● What is required
Please repeat the entries below exactly as written, leaving out any images.

● Exercise data
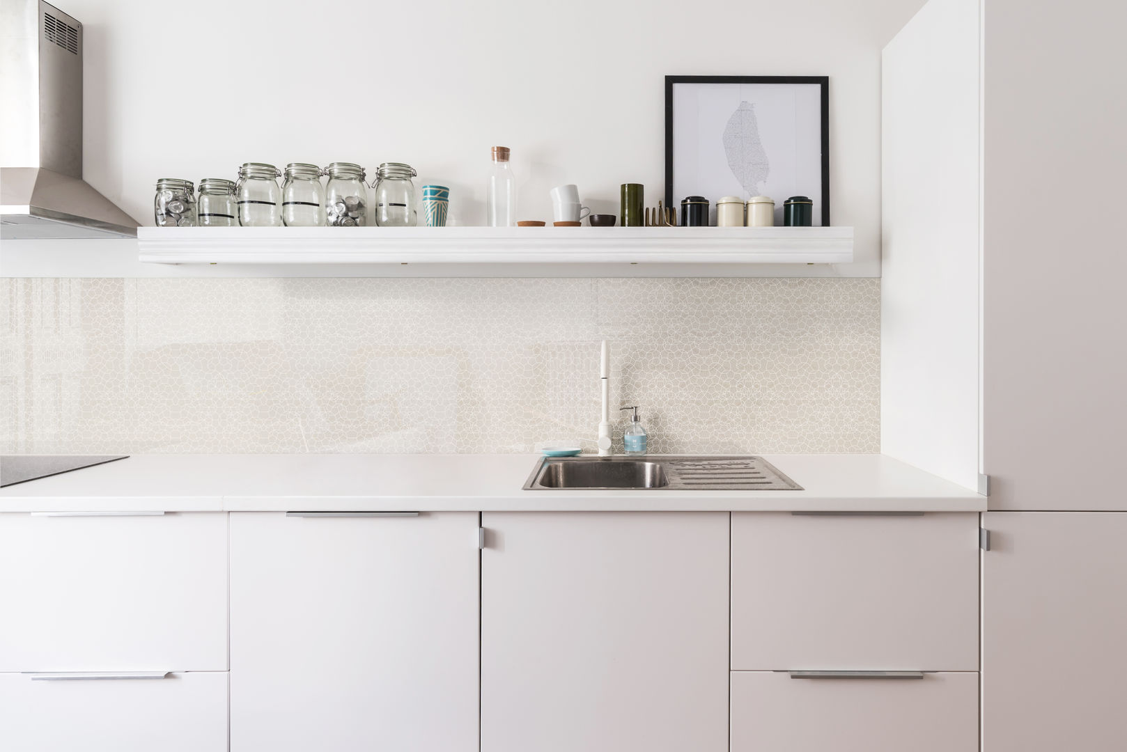 Fényvisszaverés és térnövelés. Áttetsző vagy félig áttetsző változatai optikailag nagyobbítják a teret, ami minden konyhának előnyére válik. Kis alapterületű konyhákban pedig egyenesen kötelező!
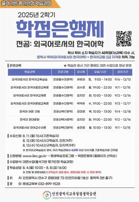 ÀÎõÆò»ýÇнÀ°üÀº 2014³âºÎÅÍ ¡®¿Ü±¹¾î·Î¼ÀÇ Çѱ¹¾îÇС¯ Àü°ø °úÁ¤À» ¿î¿µÇϰí ÀÖÀ¸¸ç, ÇØ´ç °úÁ¤ À̼ö ½Ã ¹®Çлç ÇÐÀ§¿Í ÇÔ²² Çѱ¹¾î±³¿ø 2±Þ ÀÚ°ÝÁõÀ» ÃëµæÇÒ ¼ö ÀÖ´Ù.
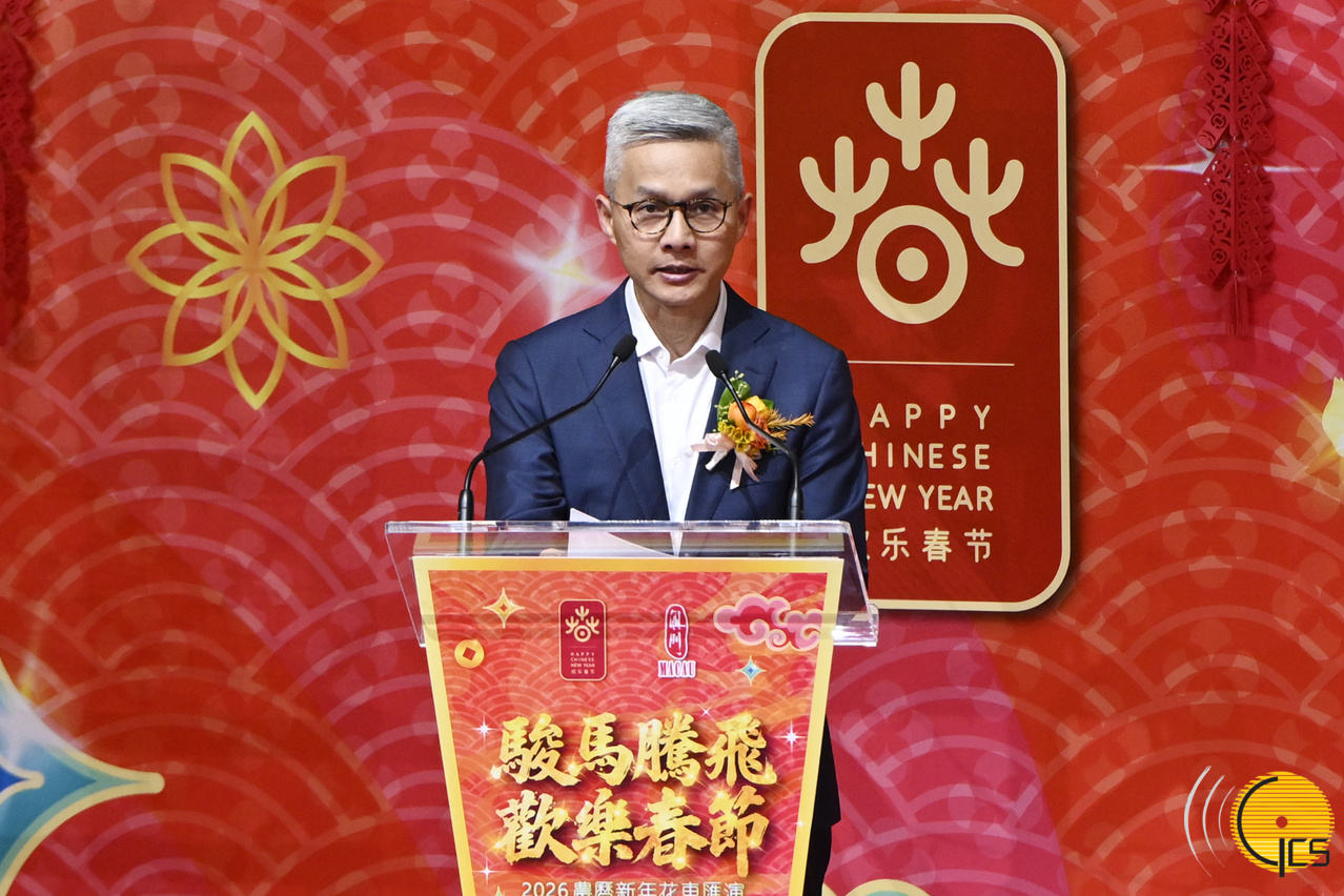经济财政司司长戴建业在“骏马腾飞 欢乐春节 2026农历新年花车汇演”开幕仪式上致辞。
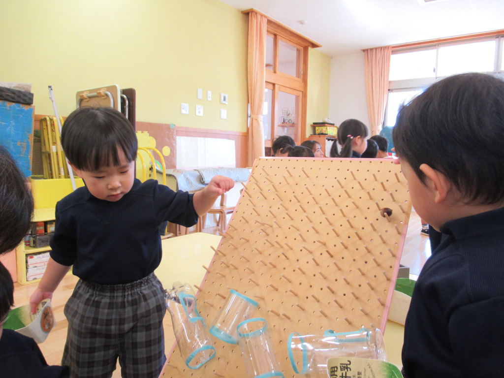 『どんぐりボード』に一つずつドングリを転がしてどこに転がっていくか最後まで見ていますね。
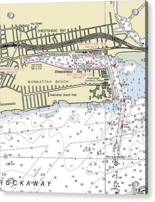 Manhattan Beach New York Nautical Chart - Acrylic Print
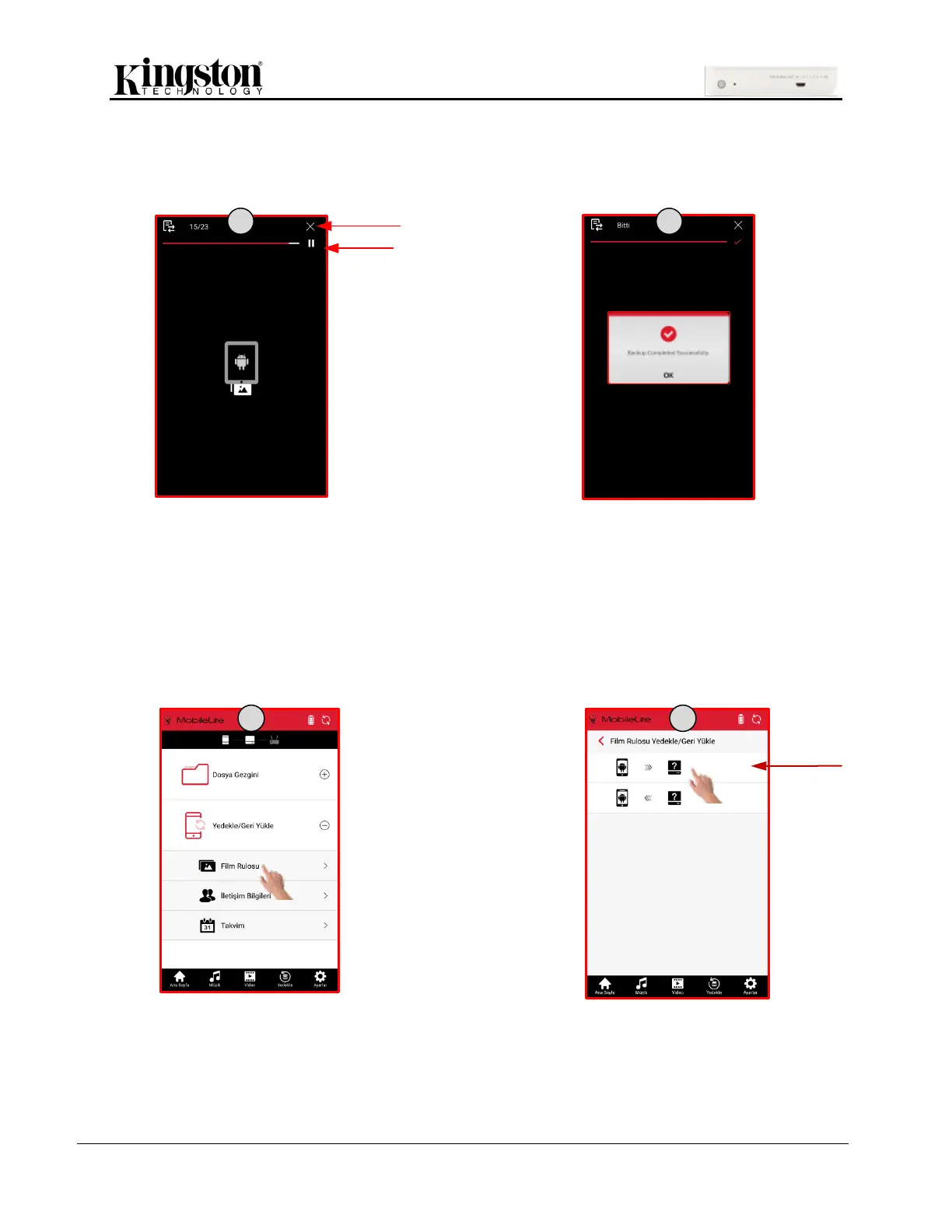 Not: Film rulosunda daha önceki başarılı konumdan yedeklemeye devam etmek için aynı saklama cihazının ve
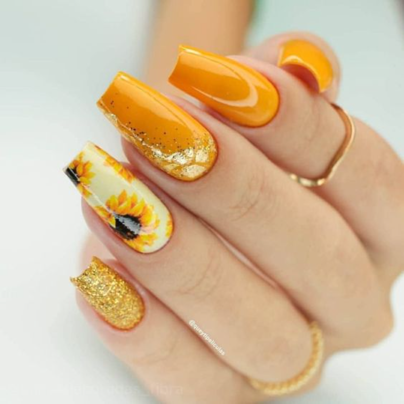 4. Mood Enhancer: Just like the actual sunflower, a sunflower nail design is bound to uplift your spirits and boost your mood.
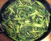油を入れた水でさっと茹でて、 炒める時に水が出ないようにするんですが 面倒だったので普通に炒める。 生姜、ニンニクを油で熱した所へ 固い茎部を入れて先に炒め、 火が通ったら葉の方を加え 鶏がらスープの素、酒、醤油で味付け。 ベーシック中華。 |
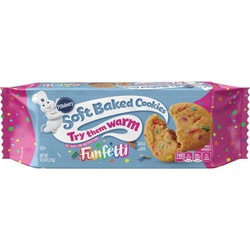 Pillsbury™ soft baked confetti cookies are made with a blend of butter and shortening for the perfect soft baked texture. All the flavor and goodness you expect from Pillsbury™ cookie dough in a ready to eat cookie. These cookies are the perfect lunchbox treat or after school snack your whole family will enjoy. Enjoy your favorite Pillsbury™ flavors without turning on the oven. These ready to eat cookies are the perfect on-the-go treats or afternoon snack for your family. Try all Pillsbury™ soft baked cookies including chocolate chip, confetti, butterscotch and chocolate, drizzle sugar and peanut butter with chocolate drizzle.
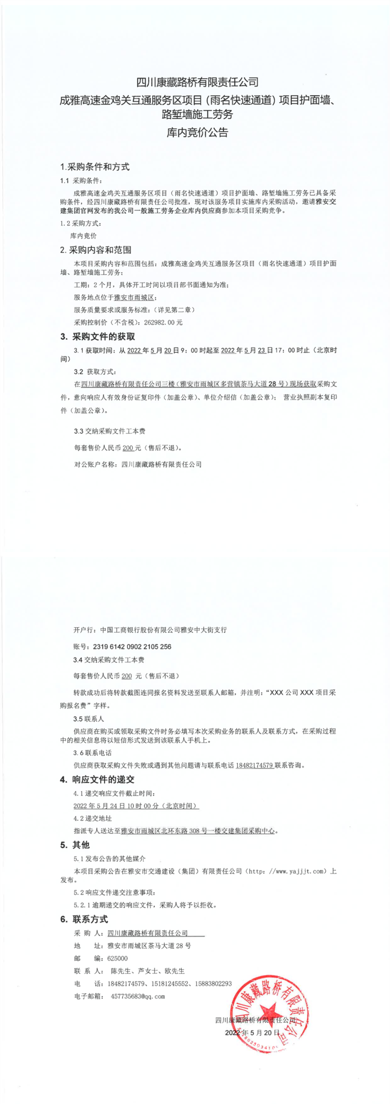 四川康藏路桥有限责任公司成雅高速金鸡关互通服务区项目(雨名快速通道)项目护面墙、路堑墙施工劳务库内竞价公告
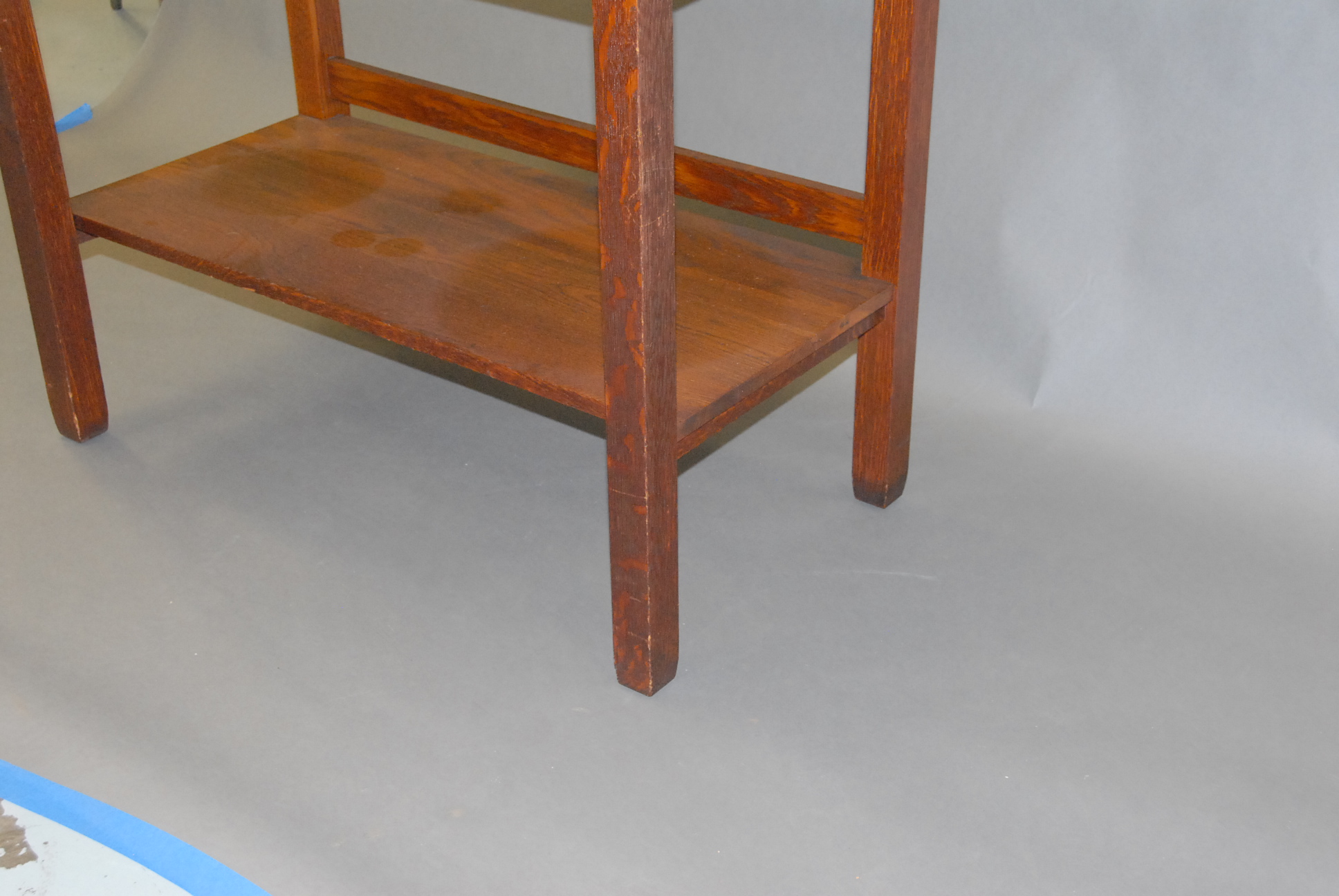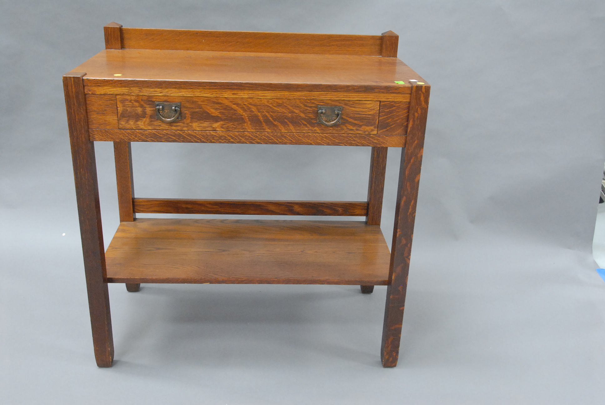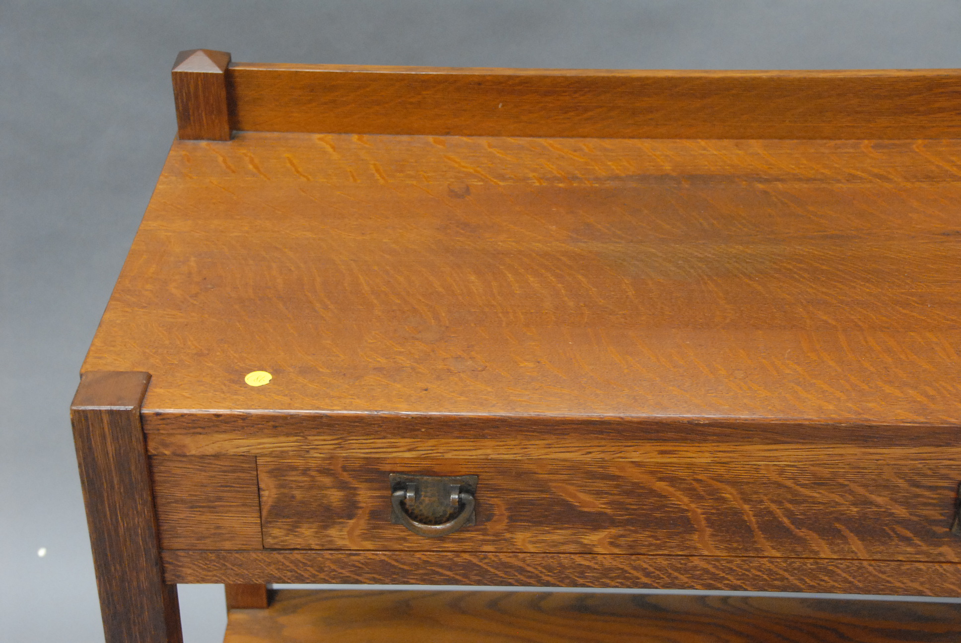 Oak arts and crafts server with drawer and original copper hardware, marked on reverse Quaint Furniture, Stickley Brothers Company, Grand Rapids, Michigan, also stamped Stickley Brothers Grand Rapids, Michigan.
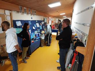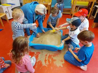 Das Fest wurde mit einem Tanz und mit einem Bewegungslied eröffnet. Nach der Begrüßung ging es an die Spielstationen. Die Kinder konnten mit ihren Familien im Sand einen Schatz suchen, einen Bewegungsparcours durchlaufen und an einem „XXL-Angelspiel“ mitmachen und ihre Geschicklichkeit unter Beweis stellen. In einer Ausstellung wurden wunderschöne Kinderbilder und andere gebastelte Werke zum Thema „Unter dem Meer“ präsentiert. In der Mensa des Kindergartens wurde ein von den Vorschulkindern produzierter „Stopp Motion Film“ zum Buch: „Regenbogenfisch“ gezeigt. Zudem hatten die Kinder noch die Möglichkeit Leinwände mit Sand, Muscheln und anderen Materialien zum Thema zu gestalten. Ein weiteres Highlight war natürlich das Kinderschminken. Für das leibliche Wohl war ebenfsalls bestens gesorgt. Viele Familien haben sich beteiligt und einiges für das Buffet mitgebracht, so dass jeder etwas Leckeres finden konnte.
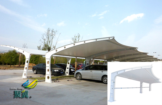 膜結構車棚未出現之前,市場主要的是鐵制車棚,鋁合金車棚,彩鋼車棚等。這些膜結構車棚都是采用金屬構件來制作,因此具有笨重,形式單調的缺點。
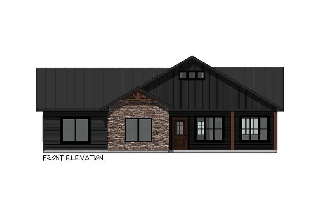 This rustic ranch plan offers an efficient and warm footprint: about 1,162 square feet of living space, three bedrooms, and two full bathrooms. Anchored by a cozy front porch and complemented by a rear porch extension, it balances charm with utility. Built in a single level, it’s ideal for small-lot living, downsizing, or a comfortable primary residence. 0Floor Plan:

● Expected answer
 Fényvisszaverés és térnövelés. Áttetsző vagy félig áttetsző változatai optikailag nagyobbítják a teret, ami minden konyhának előnyére válik. Kis alapterületű konyhákban pedig egyenesen kötelező!
 ÀÎõÆò»ýÇнÀ°üÀº 2014³âºÎÅÍ ¡®¿Ü±¹¾î·Î¼ÀÇ Çѱ¹¾îÇС¯ Àü°ø °úÁ¤À» ¿î¿µÇϰí ÀÖÀ¸¸ç, ÇØ´ç °úÁ¤ À̼ö ½Ã ¹®Çлç ÇÐÀ§¿Í ÇÔ²² Çѱ¹¾î±³¿ø 2±Þ ÀÚ°ÝÁõÀ» ÃëµæÇÒ ¼ö ÀÖ´Ù.
经济财政司司长戴建业在“骏马腾飞 欢乐春节 2026农历新年花车汇演”开幕仪式上致辞。
 『どんぐりボード』に一つずつドングリを転がしてどこに転がっていくか最後まで見ていますね。
 Manhattan Beach New York Nautical Chart - Acrylic Print
 Not: Film rulosunda daha önceki başarılı konumdan yedeklemeye devam etmek için aynı saklama cihazının ve
 4. Mood Enhancer: Just like the actual sunflower, a sunflower nail design is bound to uplift your spirits and boost your mood.
油を入れた水でさっと茹でて、 炒める時に水が出ないようにするんですが 面倒だったので普通に炒める。 生姜、ニンニクを油で熱した所へ 固い茎部を入れて先に炒め、 火が通ったら葉の方を加え 鶏がらスープの素、酒、醤油で味付け。 ベーシック中華。 |
 Pillsbury™ soft baked confetti cookies are made with a blend of butter and shortening for the perfect soft baked texture. All the flavor and goodness you expect from Pillsbury™ cookie dough in a ready to eat cookie. These cookies are the perfect lunchbox treat or after school snack your whole family will enjoy. Enjoy your favorite Pillsbury™ flavors without turning on the oven. These ready to eat cookies are the perfect on-the-go treats or afternoon snack for your family. Try all Pillsbury™ soft baked cookies including chocolate chip, confetti, butterscotch and chocolate, drizzle sugar and peanut butter with chocolate drizzle.
 四川康藏路桥有限责任公司成雅高速金鸡关互通服务区项目(雨名快速通道)项目护面墙、路堑墙施工劳务库内竞价公告
 Oak arts and crafts server with drawer and original copper hardware, marked on reverse Quaint Furniture, Stickley Brothers Company, Grand Rapids, Michigan, also stamped Stickley Brothers Grand Rapids, Michigan.
 Das Fest wurde mit einem Tanz und mit einem Bewegungslied eröffnet. Nach der Begrüßung ging es an die Spielstationen. Die Kinder konnten mit ihren Familien im Sand einen Schatz suchen, einen Bewegungsparcours durchlaufen und an einem „XXL-Angelspiel“ mitmachen und ihre Geschicklichkeit unter Beweis stellen. In einer Ausstellung wurden wunderschöne Kinderbilder und andere gebastelte Werke zum Thema „Unter dem Meer“ präsentiert. In der Mensa des Kindergartens wurde ein von den Vorschulkindern produzierter „Stopp Motion Film“ zum Buch: „Regenbogenfisch“ gezeigt. Zudem hatten die Kinder noch die Möglichkeit Leinwände mit Sand, Muscheln und anderen Materialien zum Thema zu gestalten. Ein weiteres Highlight war natürlich das Kinderschminken. Für das leibliche Wohl war ebenfsalls bestens gesorgt. Viele Familien haben sich beteiligt und einiges für das Buffet mitgebracht, so dass jeder etwas Leckeres finden konnte.
 膜結構車棚未出現之前,市場主要的是鐵制車棚,鋁合金車棚,彩鋼車棚等。這些膜結構車棚都是采用金屬構件來制作,因此具有笨重,形式單調的缺點。
 This rustic ranch plan offers an efficient and warm footprint: about 1,162 square feet of living space, three bedrooms, and two full bathrooms. Anchored by a cozy front porch and complemented by a rear porch extension, it balances charm with utility. Built in a single level, it’s ideal for small-lot living, downsizing, or a comfortable primary residence. 0Floor Plan:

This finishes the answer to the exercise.